Sample size calculations were based on the following assumptions. It was assumed that the effect of Benecol® (vs. placebo) on the change in LDL cholesterol is between -8% and -12% and SD of within-subjects changes is 15% during both interventions. A sample size of 38 subjects will have 90% power to detect the 8% difference between Benecol® and placebo treatments statistically significant with a 0.05 two-sided significance level. The differences of 10% and 12% between Benecol® and placebo would require smaller sample sizes, 25 and 17 subjects, respectively.
Baseline characteristics for subjects in the two treatment sequences were compared using Chi-squared test for categorical variables, Mann-Whitney U test for laboratory safety variables and t-test for independent samples for other continuous variables.
Serum total cholesterol and LDL-cholesterol (both direct measured and calculated by Friedewald equation) were the primary outcome variables. Serum HDL-cholesterol, non-HDL cholesterol, and triglycerides (TG) were the secondary outcome variables.
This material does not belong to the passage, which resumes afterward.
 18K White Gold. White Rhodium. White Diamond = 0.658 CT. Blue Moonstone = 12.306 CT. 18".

The primary and secondary variables were evaluated after the run-in period (before the first treatment period) referred to as the “first-period baseline” and at the end of each treatment period, referred to as “end of treatment”.
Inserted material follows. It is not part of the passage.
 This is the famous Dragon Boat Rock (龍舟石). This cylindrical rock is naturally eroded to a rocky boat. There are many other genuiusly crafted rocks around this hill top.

For all serum lipids both absolute values (mg/dl) at the end of treatments and percentage change (% change) from first-period baseline were analyzed. Repeated measures analysis of variance (ANOVA) for cross-over designs was used to test the effects of treatment, period, and carry-over. Although there were no significant period or carry-over effects for lipid variables expressed as absolute value or percentage change, the order of treatments was included in all models. The results are given as means with 95% confidence intervals. The distribution of serum triglyceride (mg/dl) was skew to the right and the analysis was repeated using the logarithmically transformed values. Statistical analyses were performed according to the intention to treat. All tests were two-sided and a p < 0.05 was considered to indicate a significant difference. Statistical analyses were performed using IBM SPSS Statistics (version 22.0, Armonk, NY: IBM Corp.).